Problem description: Write out, word for word, the part of the listing below that opens with the line containing "本网讯 近日,中共安徽省委宣" and closes with the line containing "इस विशेष वर्कशॉप", keeping both of those lines and adding no others.

Information:
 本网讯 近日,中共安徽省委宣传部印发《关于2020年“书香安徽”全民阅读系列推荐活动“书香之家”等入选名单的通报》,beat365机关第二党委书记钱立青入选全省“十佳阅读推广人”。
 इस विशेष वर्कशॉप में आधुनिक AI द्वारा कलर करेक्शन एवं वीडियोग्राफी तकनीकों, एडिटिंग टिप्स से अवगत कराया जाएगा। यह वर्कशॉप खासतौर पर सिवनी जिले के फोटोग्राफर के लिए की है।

...

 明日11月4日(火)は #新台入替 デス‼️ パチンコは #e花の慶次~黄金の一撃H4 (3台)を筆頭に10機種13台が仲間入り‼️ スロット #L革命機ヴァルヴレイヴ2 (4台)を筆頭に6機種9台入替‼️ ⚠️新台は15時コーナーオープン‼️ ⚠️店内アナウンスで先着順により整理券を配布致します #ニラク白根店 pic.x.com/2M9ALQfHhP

...

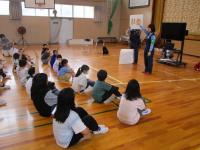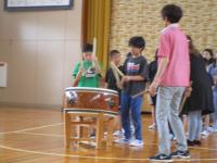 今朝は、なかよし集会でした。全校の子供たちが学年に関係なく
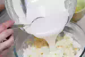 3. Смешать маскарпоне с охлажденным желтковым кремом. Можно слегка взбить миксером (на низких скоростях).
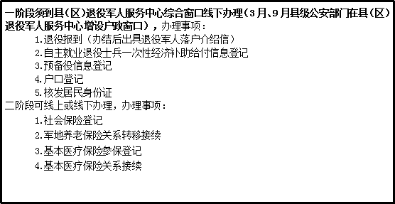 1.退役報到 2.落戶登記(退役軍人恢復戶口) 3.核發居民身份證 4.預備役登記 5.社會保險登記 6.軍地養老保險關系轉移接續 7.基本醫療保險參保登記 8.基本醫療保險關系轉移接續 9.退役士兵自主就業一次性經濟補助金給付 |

Written answer:
 本网讯 近日,中共安徽省委宣传部印发《关于2020年“书香安徽”全民阅读系列推荐活动“书香之家”等入选名单的通报》,beat365机关第二党委书记钱立青入选全省“十佳阅读推广人”。
 इस विशेष वर्कशॉप में आधुनिक AI द्वारा कलर करेक्शन एवं वीडियोग्राफी तकनीकों, एडिटिंग टिप्स से अवगत कराया जाएगा। यह वर्कशॉप खासतौर पर सिवनी जिले के फोटोग्राफर के लिए की है।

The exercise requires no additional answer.